— WHAT THE EXERCISE ASKS —
Look below for the line that contains "이를 위의 텍스트 파일에", then quote it and all the lines after it, exactly, with the pictures left out.

— DATASET EXTRACT —
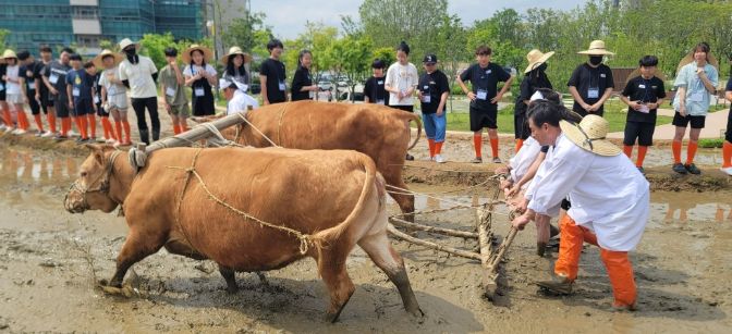 이날 협약식 외에도 국립농업박물관 야외체험장에서 ‘겨릿소 써레질 체험 및 시연’과 ’토종벼 전통 손 모내기 체험행사‘가 진행됐다.
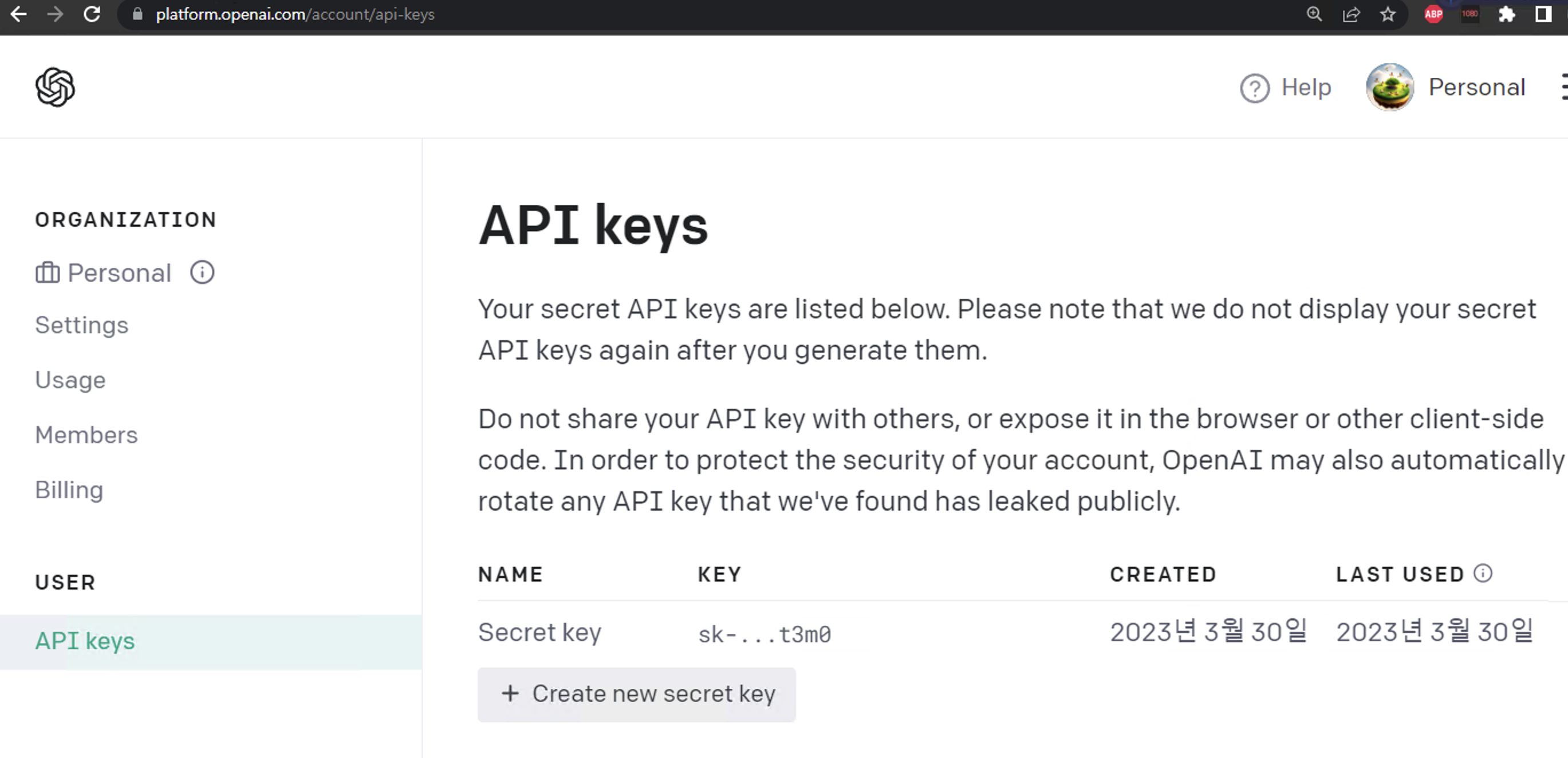 이를 위의 텍스트 파일에 your-openai-api-key 자리에 복사해서 넣는다. 참고로 필자는 기존에 발급한 API Key가 있어서 위의 화면과 같이 표시되었으나, 처음 발급하는 분들이라면 발급 버튼을 눌러서 발급받아 붙여 넣으면 된다. 공백이나 따옴표, 큰따옴표 없이 API Key만 복사해서 붙여 넣자.
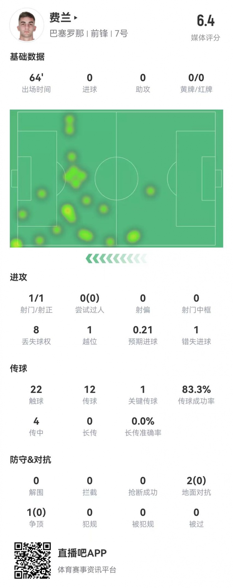 费兰本场1关键传球+1错失重大机会 3对抗0成功 6.4分全队最低

— THE COMPLETED TASK —
 이를 위의 텍스트 파일에 your-openai-api-key 자리에 복사해서 넣는다. 참고로 필자는 기존에 발급한 API Key가 있어서 위의 화면과 같이 표시되었으나, 처음 발급하는 분들이라면 발급 버튼을 눌러서 발급받아 붙여 넣으면 된다. 공백이나 따옴표, 큰따옴표 없이 API Key만 복사해서 붙여 넣자.
 费兰本场1关键传球+1错失重大机会 3对抗0成功 6.4分全队最低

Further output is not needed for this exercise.